TASK TO COMPLETE: Leaving pictures aside, set down each line exactly, from the first line of the data to the line with "Umožňuje zobrazit aktuální", both included.
════════════════════
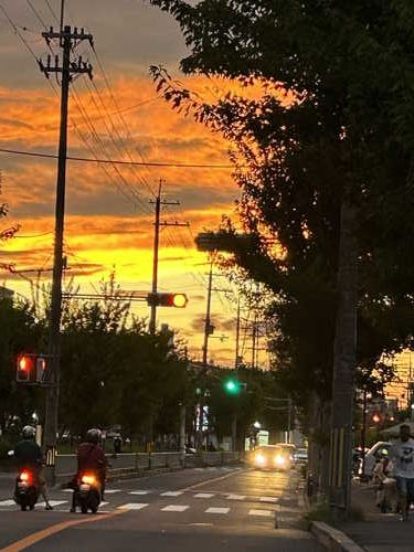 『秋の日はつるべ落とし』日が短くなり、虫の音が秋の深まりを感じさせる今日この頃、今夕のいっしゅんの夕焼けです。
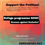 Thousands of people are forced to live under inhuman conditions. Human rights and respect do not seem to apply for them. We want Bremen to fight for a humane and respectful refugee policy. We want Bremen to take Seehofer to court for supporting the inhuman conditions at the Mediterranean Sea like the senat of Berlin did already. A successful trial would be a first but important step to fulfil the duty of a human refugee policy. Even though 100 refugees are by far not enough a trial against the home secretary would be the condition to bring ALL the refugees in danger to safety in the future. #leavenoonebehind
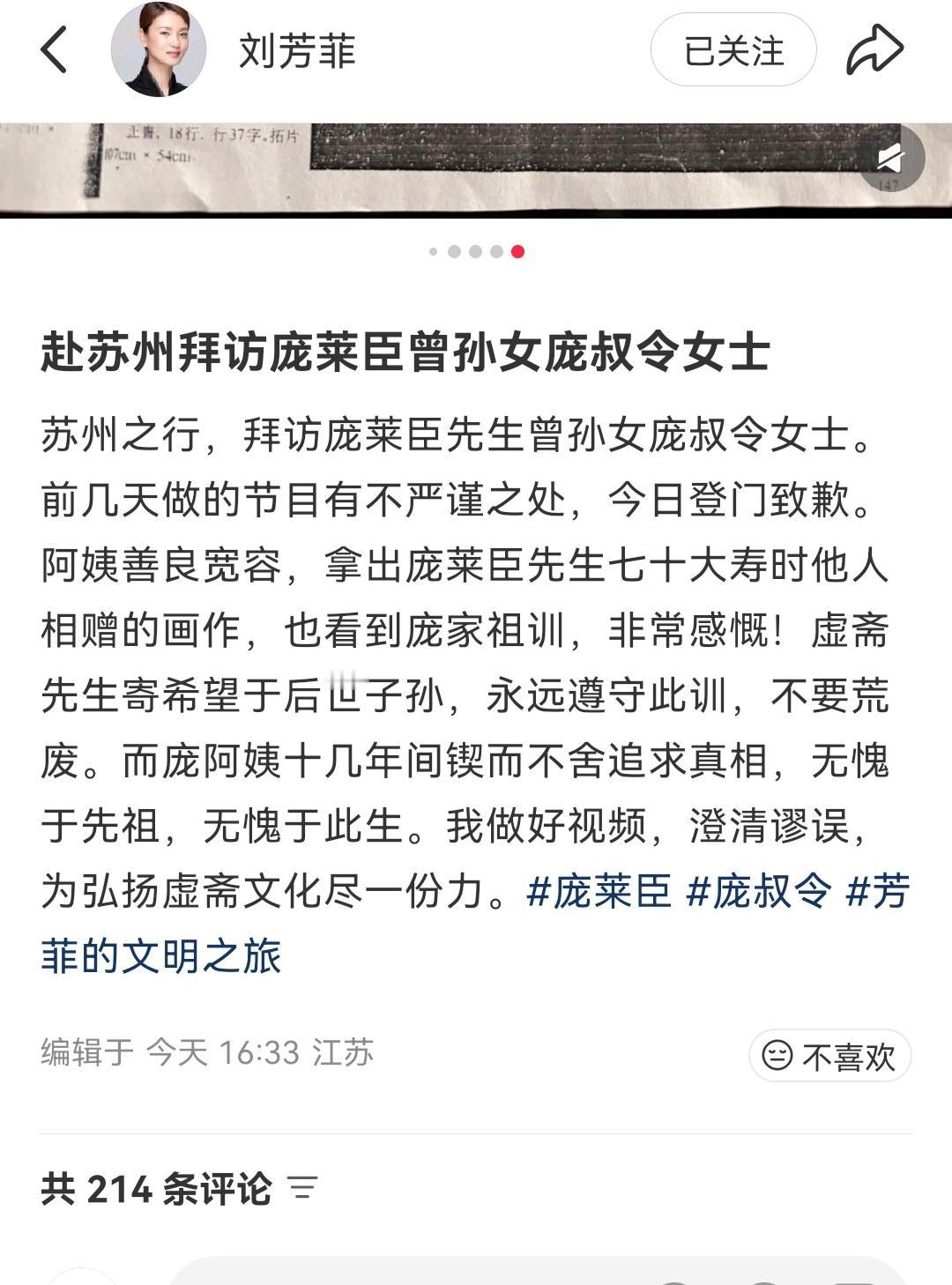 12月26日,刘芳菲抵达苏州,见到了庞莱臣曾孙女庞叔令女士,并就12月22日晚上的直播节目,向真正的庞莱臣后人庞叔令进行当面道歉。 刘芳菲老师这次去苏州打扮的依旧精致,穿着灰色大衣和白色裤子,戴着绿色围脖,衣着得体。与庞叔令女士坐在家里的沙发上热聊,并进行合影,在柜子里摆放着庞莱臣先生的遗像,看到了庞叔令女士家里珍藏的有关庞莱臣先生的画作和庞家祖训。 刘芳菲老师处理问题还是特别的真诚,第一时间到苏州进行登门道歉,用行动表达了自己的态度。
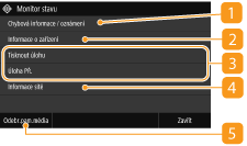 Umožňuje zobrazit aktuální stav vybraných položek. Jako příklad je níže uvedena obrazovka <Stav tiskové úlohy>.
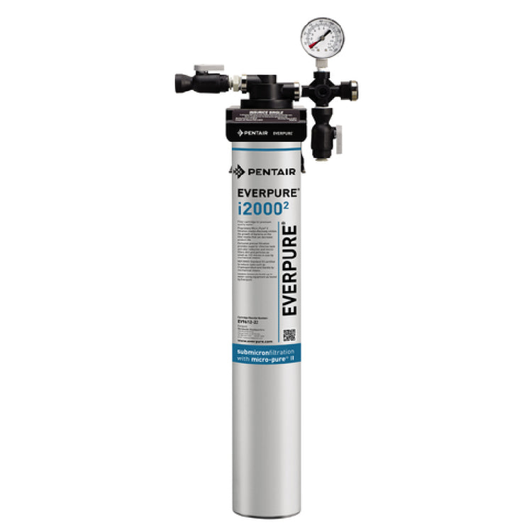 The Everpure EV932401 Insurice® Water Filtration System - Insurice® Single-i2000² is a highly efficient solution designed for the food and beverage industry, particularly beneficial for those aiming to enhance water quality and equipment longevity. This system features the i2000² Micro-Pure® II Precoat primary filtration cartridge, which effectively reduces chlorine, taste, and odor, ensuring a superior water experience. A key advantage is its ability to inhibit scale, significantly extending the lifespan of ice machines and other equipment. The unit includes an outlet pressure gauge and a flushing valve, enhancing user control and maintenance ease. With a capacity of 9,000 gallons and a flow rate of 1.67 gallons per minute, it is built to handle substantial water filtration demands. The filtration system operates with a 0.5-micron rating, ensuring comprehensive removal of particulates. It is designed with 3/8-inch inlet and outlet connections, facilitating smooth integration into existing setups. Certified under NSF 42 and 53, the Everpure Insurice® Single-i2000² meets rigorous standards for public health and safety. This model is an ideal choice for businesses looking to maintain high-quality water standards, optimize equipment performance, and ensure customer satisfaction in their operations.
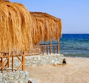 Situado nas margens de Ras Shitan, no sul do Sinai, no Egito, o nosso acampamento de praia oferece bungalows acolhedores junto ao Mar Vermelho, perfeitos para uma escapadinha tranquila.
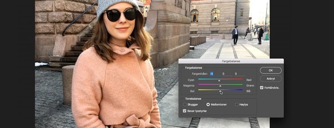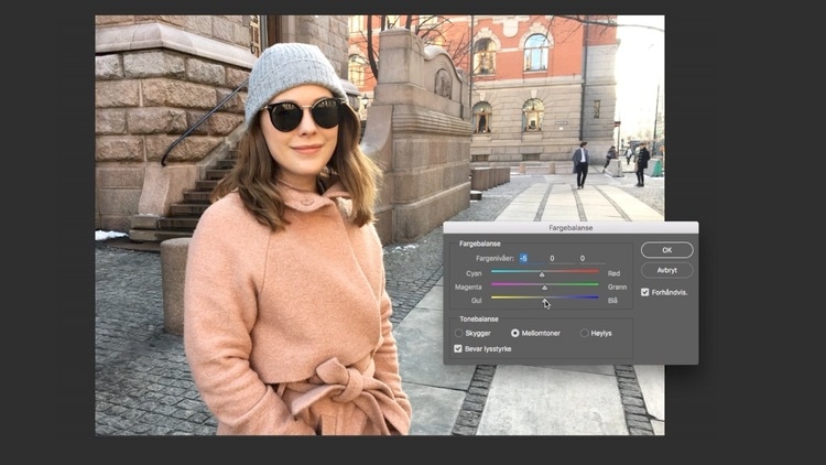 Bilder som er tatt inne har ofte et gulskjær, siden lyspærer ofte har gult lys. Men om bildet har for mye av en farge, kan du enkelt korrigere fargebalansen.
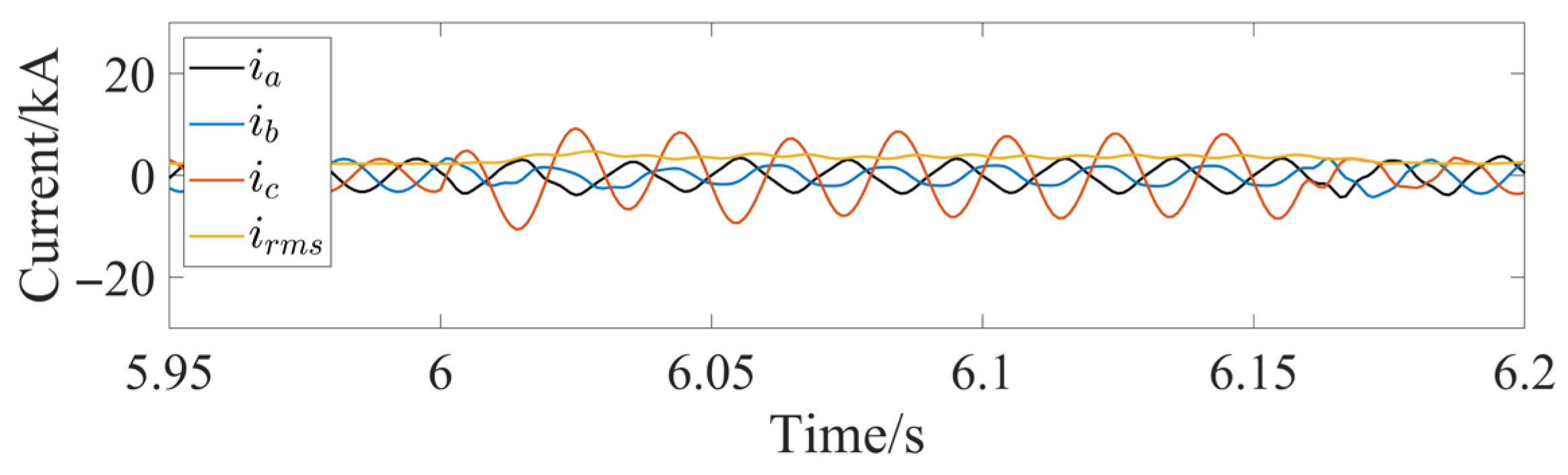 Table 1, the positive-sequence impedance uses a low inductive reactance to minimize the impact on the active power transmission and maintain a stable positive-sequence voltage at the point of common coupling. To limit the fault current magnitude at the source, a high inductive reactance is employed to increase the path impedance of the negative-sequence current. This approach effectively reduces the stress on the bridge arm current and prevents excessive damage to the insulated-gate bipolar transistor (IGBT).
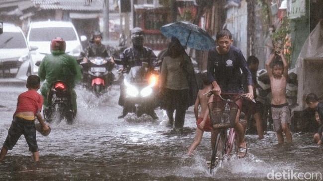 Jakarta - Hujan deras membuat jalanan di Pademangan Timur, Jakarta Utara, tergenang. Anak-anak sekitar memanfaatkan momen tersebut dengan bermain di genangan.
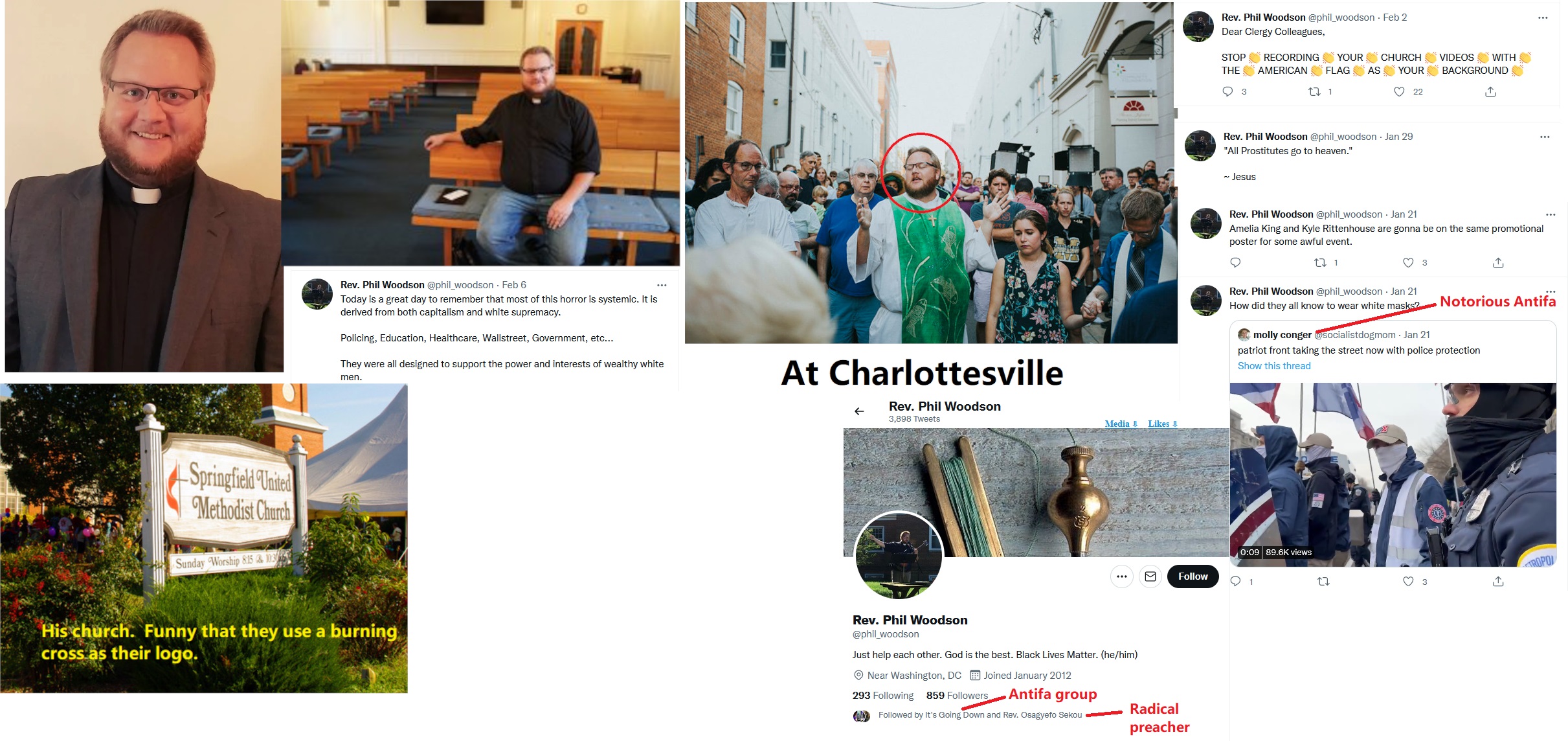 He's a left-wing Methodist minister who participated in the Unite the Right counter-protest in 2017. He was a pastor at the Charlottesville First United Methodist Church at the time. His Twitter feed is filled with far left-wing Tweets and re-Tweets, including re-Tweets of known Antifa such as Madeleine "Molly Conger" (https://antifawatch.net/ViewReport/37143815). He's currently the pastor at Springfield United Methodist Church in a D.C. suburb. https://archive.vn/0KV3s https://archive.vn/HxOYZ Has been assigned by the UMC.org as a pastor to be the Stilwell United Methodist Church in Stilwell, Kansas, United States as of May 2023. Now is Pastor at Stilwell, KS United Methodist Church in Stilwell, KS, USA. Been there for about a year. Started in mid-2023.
════════════════════
PROBLEM SOLUTION:
 『秋の日はつるべ落とし』日が短くなり、虫の音が秋の深まりを感じさせる今日この頃、今夕のいっしゅんの夕焼けです。
 Thousands of people are forced to live under inhuman conditions. Human rights and respect do not seem to apply for them. We want Bremen to fight for a humane and respectful refugee policy. We want Bremen to take Seehofer to court for supporting the inhuman conditions at the Mediterranean Sea like the senat of Berlin did already. A successful trial would be a first but important step to fulfil the duty of a human refugee policy. Even though 100 refugees are by far not enough a trial against the home secretary would be the condition to bring ALL the refugees in danger to safety in the future. #leavenoonebehind
 12月26日,刘芳菲抵达苏州,见到了庞莱臣曾孙女庞叔令女士,并就12月22日晚上的直播节目,向真正的庞莱臣后人庞叔令进行当面道歉。 刘芳菲老师这次去苏州打扮的依旧精致,穿着灰色大衣和白色裤子,戴着绿色围脖,衣着得体。与庞叔令女士坐在家里的沙发上热聊,并进行合影,在柜子里摆放着庞莱臣先生的遗像,看到了庞叔令女士家里珍藏的有关庞莱臣先生的画作和庞家祖训。 刘芳菲老师处理问题还是特别的真诚,第一时间到苏州进行登门道歉,用行动表达了自己的态度。
 Umožňuje zobrazit aktuální stav vybraných položek. Jako příklad je níže uvedena obrazovka <Stav tiskové úlohy>.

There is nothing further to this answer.